Java Evaluator API for Predictive Model Markup Language (PMML).
JPMML-Evaluator is de facto the reference implementation of the PMML specification for the Java platform:
- Pre-processing of active fields according to the [DataDictionary] (http://www.dmg.org/v4-2-1/DataDictionary.html) and [MiningSchema] (http://www.dmg.org/v4-2-1/MiningSchema.html) elements:
- Complete data type system
- Complete operational type system.
- Treatment of outlier, missing and/or invalid values.
- Model evaluation:
- [Association rules] (http://www.dmg.org/v4-2-1/AssociationRules.html)
- [Cluster model] (http://www.dmg.org/v4-2-1/ClusteringModel.html)

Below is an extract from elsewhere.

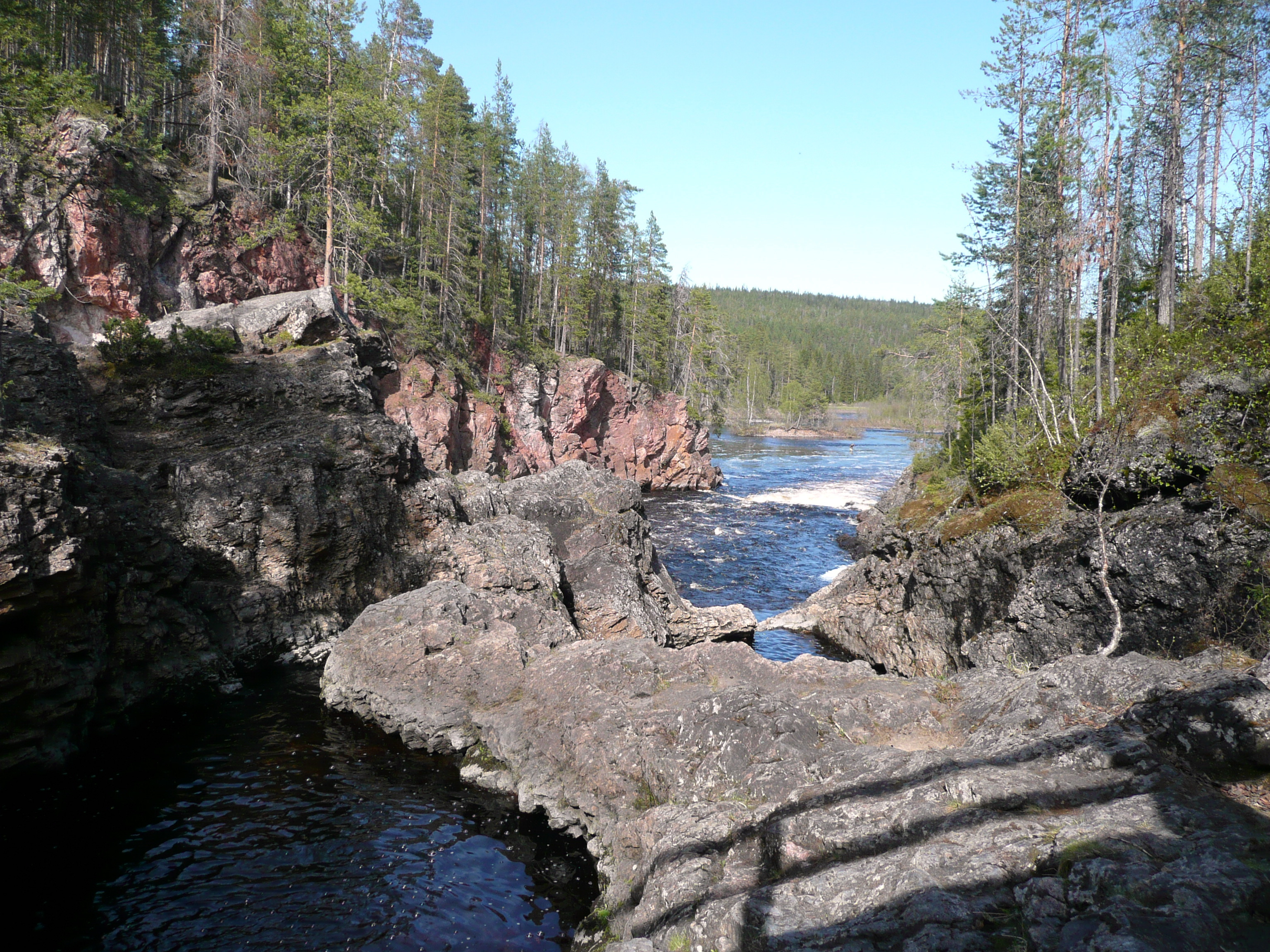 Oulanka National Park

- [General regression] (http://www.dmg.org/v4-2-1/GeneralRegression.html)
- [Naive Bayes] (http://www.dmg.org/v4-2-1/NaiveBayes.html)
- [k-Nearest neighbors] (http://www.dmg.org/v4-2-1/KNN.html)
- [Neural network] (http://www.dmg.org/v4-2-1/NeuralNetwork.html)
- [Regression] (http://www.dmg.org/v4-2-1/Regression.html)
- [Rule set] (http://www.dmg.org/v4-2-1/RuleSet.html)
- [Scorecard] (http://www.dmg.org/v4-2-1/Scorecard.html)
- [Support Vector Machine] (http://www.dmg.org/v4-2-1/SupportVectorMachine.html)
- [Tree model] (http://www.dmg.org/v4-2-1/TreeModel.html)
- [Ensemble model] (http://www.dmg.org/v4-2-1/MultipleModels.html)
- Post-processing of target fields according to the [Targets] (http://www.dmg.org/v4-2-1/Targets.html) element:
- Rescaling and/or casting regression results.
- Replacing a missing regression result with the default value.
- Replacing a missing classification result with the map of prior probabilities.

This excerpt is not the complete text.